WHAT THE TASK REQUIRES: Begin at the line containing "This simple hold-down" in the records below, end at the line containing "A delightful 19th", and retype each line in that span exactly. No other line and no image should appear.

(Extracted data entries)
========

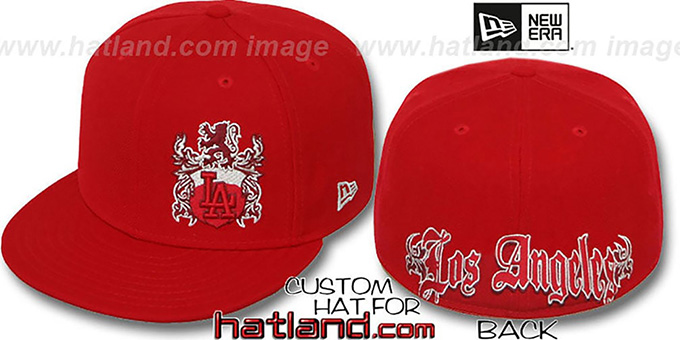 'Authentic' and Original 59FIFTY fitted hat by New Era, red wool deep crown and visor with red undervisor, burgundy-metallic silver-red embroidered Old English Shield with matching team logo on side front panel, oversized matching embroidered OLD ENGLISH font on back.jpg This product is on SALE!. This Los Angeles Dodgers baseball cap is made by New Era and is licensed by the MLB - Major League Baseball.
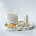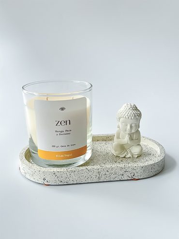 Marca: Bliss Yogui Contiene: Vela aromática DHARMA (Melón, Jazmín y Flor de lirio), Bandeja de concreto (18x 9.5 cm) y Porta foto de concreto (5×5 cm). *No incluye foto.
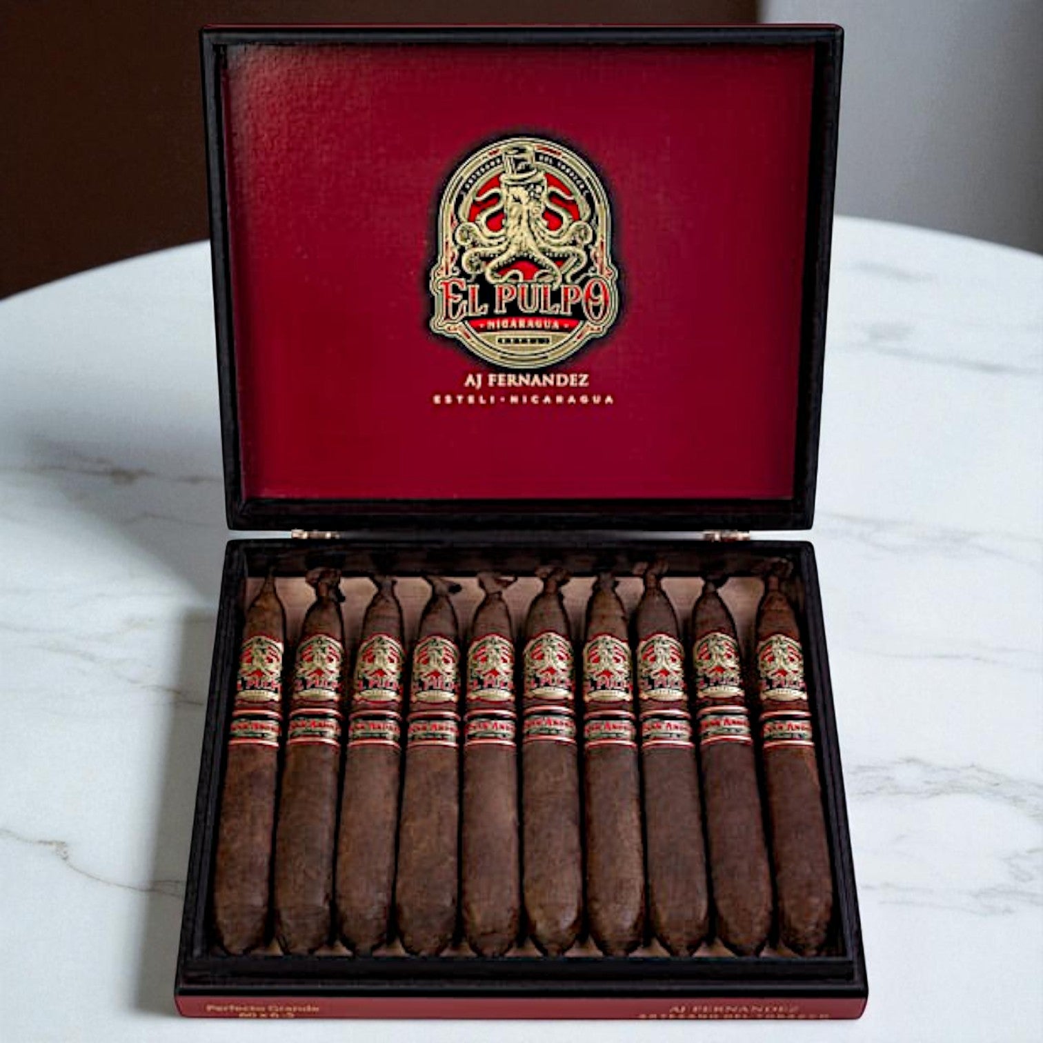 El Pulpo “The Squid” is the latest deep-sea creation from Artesano del Tobacco’s bold and aquatic-themed line. Handcrafted by A.J. Fernandez in Nicaragua, this full-bodied masterpiece features a near-black Mexican San Andrés wrapper over a robust Nicaraguan blend, delivering a rich and powerful smoking experience.
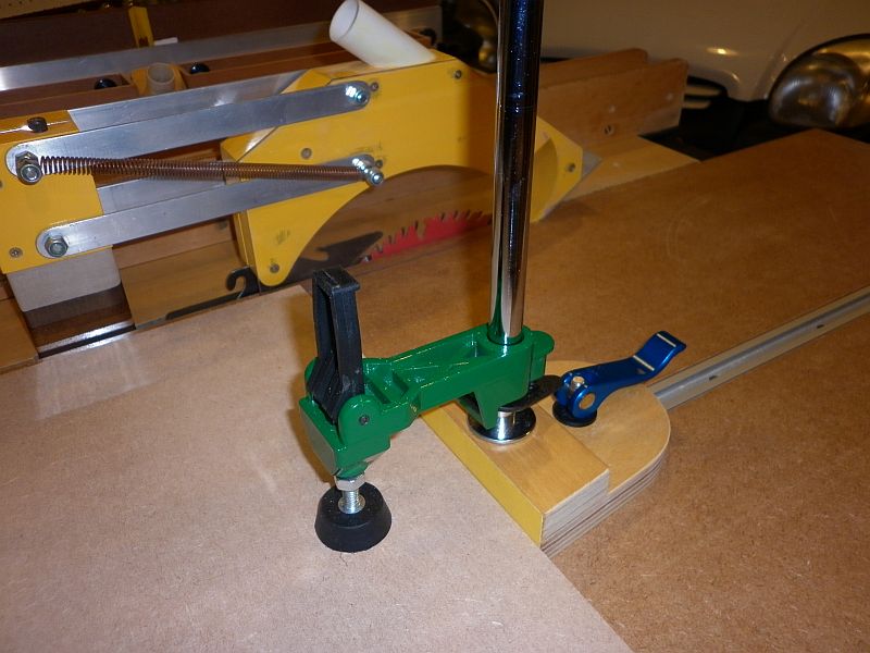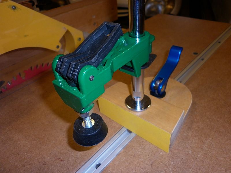 This simple hold-down is built around a drill press hold-down supplied by
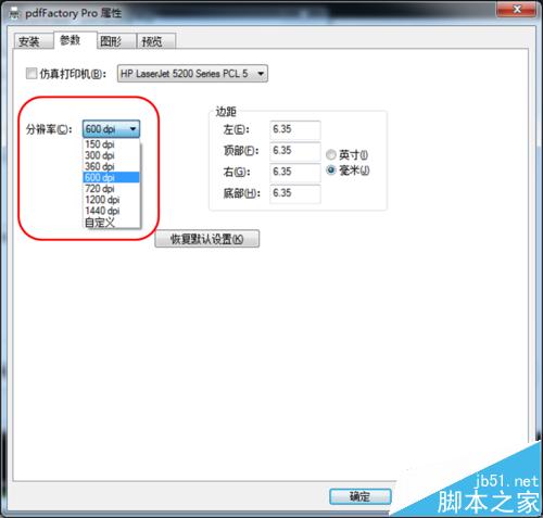4、在彈出的“pdfFactory Pro屬性”對話框中首先進入“參數”選項卡,將分辨率設置為600dpi(分辨率也可自行定義,分辨率越高打印質量越好,同時也意味著文件體積越大?。?。
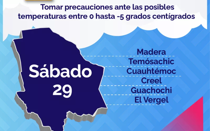 Con base a la información emitida por el Servicio Meteorológico Nacional (SMN), la CEPC indica que para el amanecer del viernes se esperan valores mínimos de 0°C, con potencial presencia de heladas en la comunidad de El Vergel municipio de Balleza y temperaturas entre 0 y -3°C en los municipios de Temósachic, Creel, Guachochi, Janos, Madera, y Cuauhtémoc. En el resto de la entidad, se estima que el termómetro marque entre 6 y 12°C.
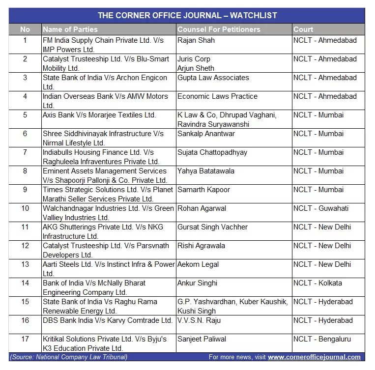NCLT to hear cases related to Blu-Smart Mobility, Shapoorji Pallonji & Co, Nirmal Lifestyle, McNally Bharat Engineering and Byju's K3 Education
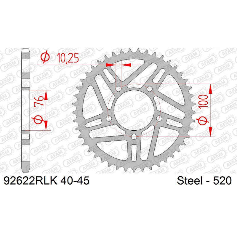 92622RLK-44 звезда задняя (ведомая) стальная, облегченная, 520, AFAM
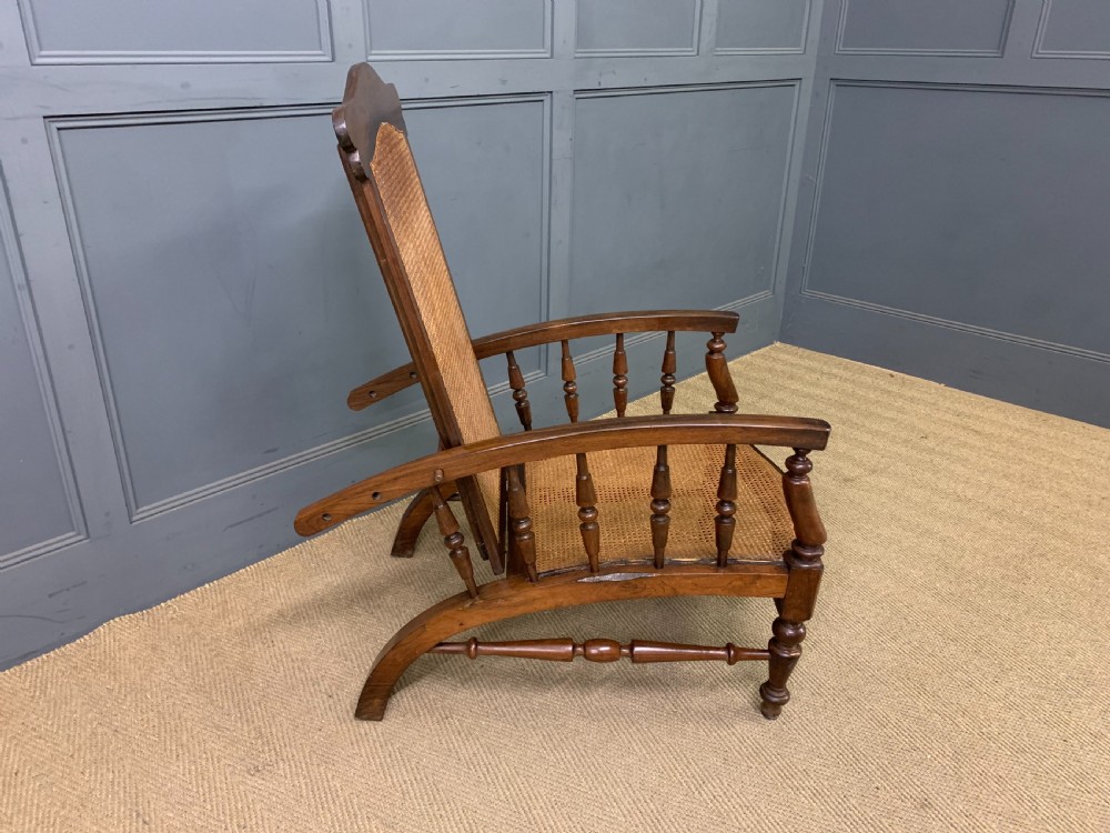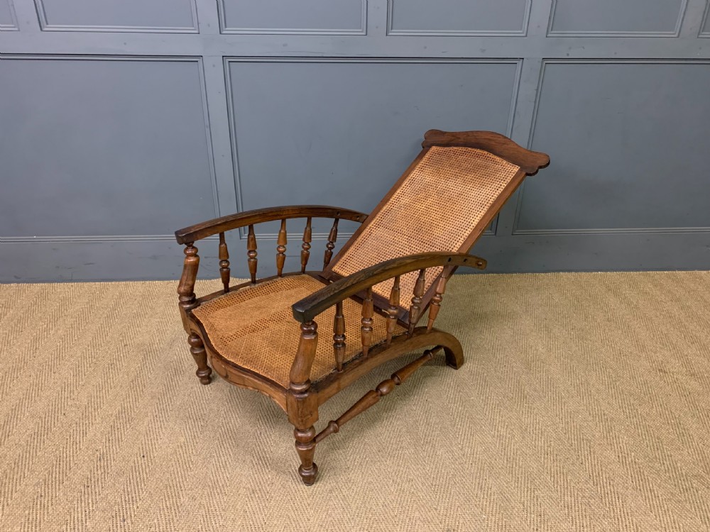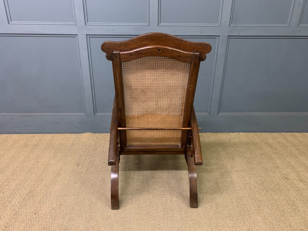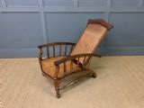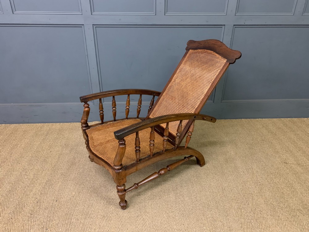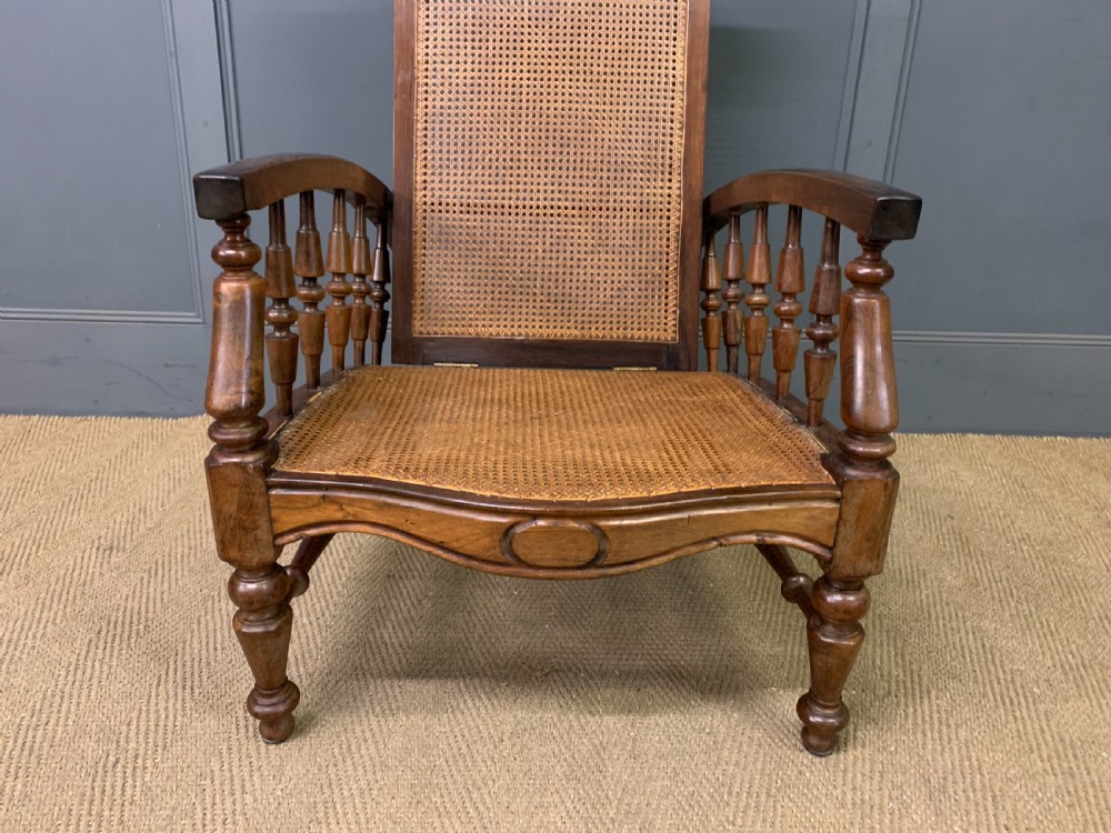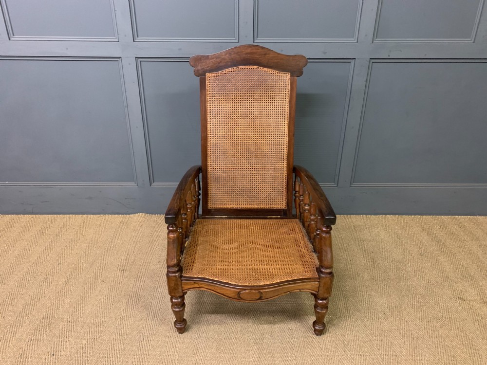 A delightful 19th century reclining plantation armchair. Colonial, most likely Anglo-Indian. Well constructed in solid teak and with its original wicker work in place (in very good order). The chair back can be set in 3 different positions. Cleaned and waxed in our workshops and now offered for sale in very good condition. Some minor imperfections.
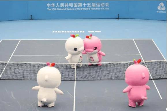 11月12日,第十五届全国运动会吉祥物“喜洋洋”“乐融融”在网球比赛间隙表演。新华社记者 张晨霖 摄
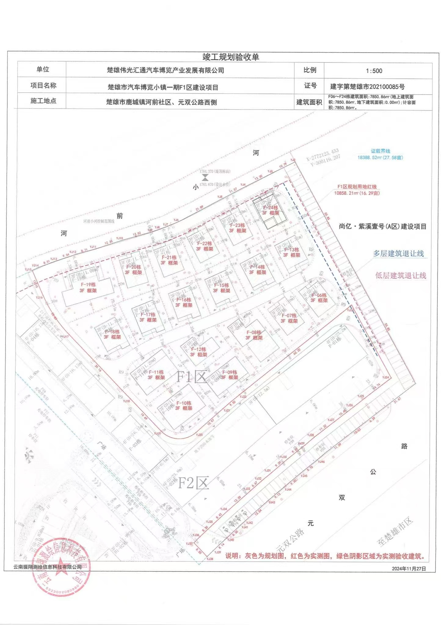 3.楚雄市汽车博览小镇一期F1区建设项目规划验收实测对比图。
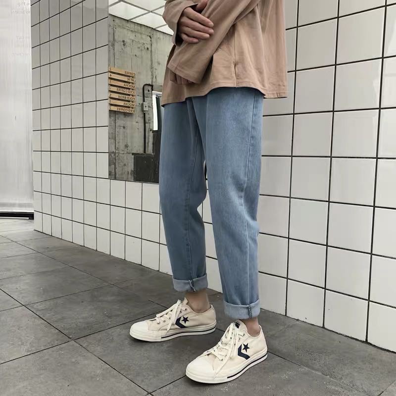 กางเกงยีนผู้ชาย สีทึบสไตล์เกาหลี กางเกงยีนส์ย้อนยุค K112
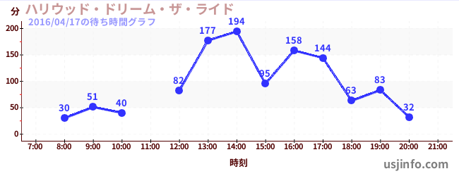 • ハリウッド・ドリーム・ザ・ライド$B$N(B2016年04月17日の待ち時間

========

WRITTEN ANSWER:
 This simple hold-down is built around a drill press hold-down supplied by
4、在彈出的“pdfFactory Pro屬性”對話框中首先進入“參數”選項卡,將分辨率設置為600dpi(分辨率也可自行定義,分辨率越高打印質量越好,同時也意味著文件體積越大?。?。
 Con base a la información emitida por el Servicio Meteorológico Nacional (SMN), la CEPC indica que para el amanecer del viernes se esperan valores mínimos de 0°C, con potencial presencia de heladas en la comunidad de El Vergel municipio de Balleza y temperaturas entre 0 y -3°C en los municipios de Temósachic, Creel, Guachochi, Janos, Madera, y Cuauhtémoc. En el resto de la entidad, se estima que el termómetro marque entre 6 y 12°C.
NCLT to hear cases related to Blu-Smart Mobility, Shapoorji Pallonji & Co, Nirmal Lifestyle, McNally Bharat Engineering and Byju's K3 Education
 92622RLK-44 звезда задняя (ведомая) стальная, облегченная, 520, AFAM
 A delightful 19th century reclining plantation armchair. Colonial, most likely Anglo-Indian. Well constructed in solid teak and with its original wicker work in place (in very good order). The chair back can be set in 3 different positions. Cleaned and waxed in our workshops and now offered for sale in very good condition. Some minor imperfections.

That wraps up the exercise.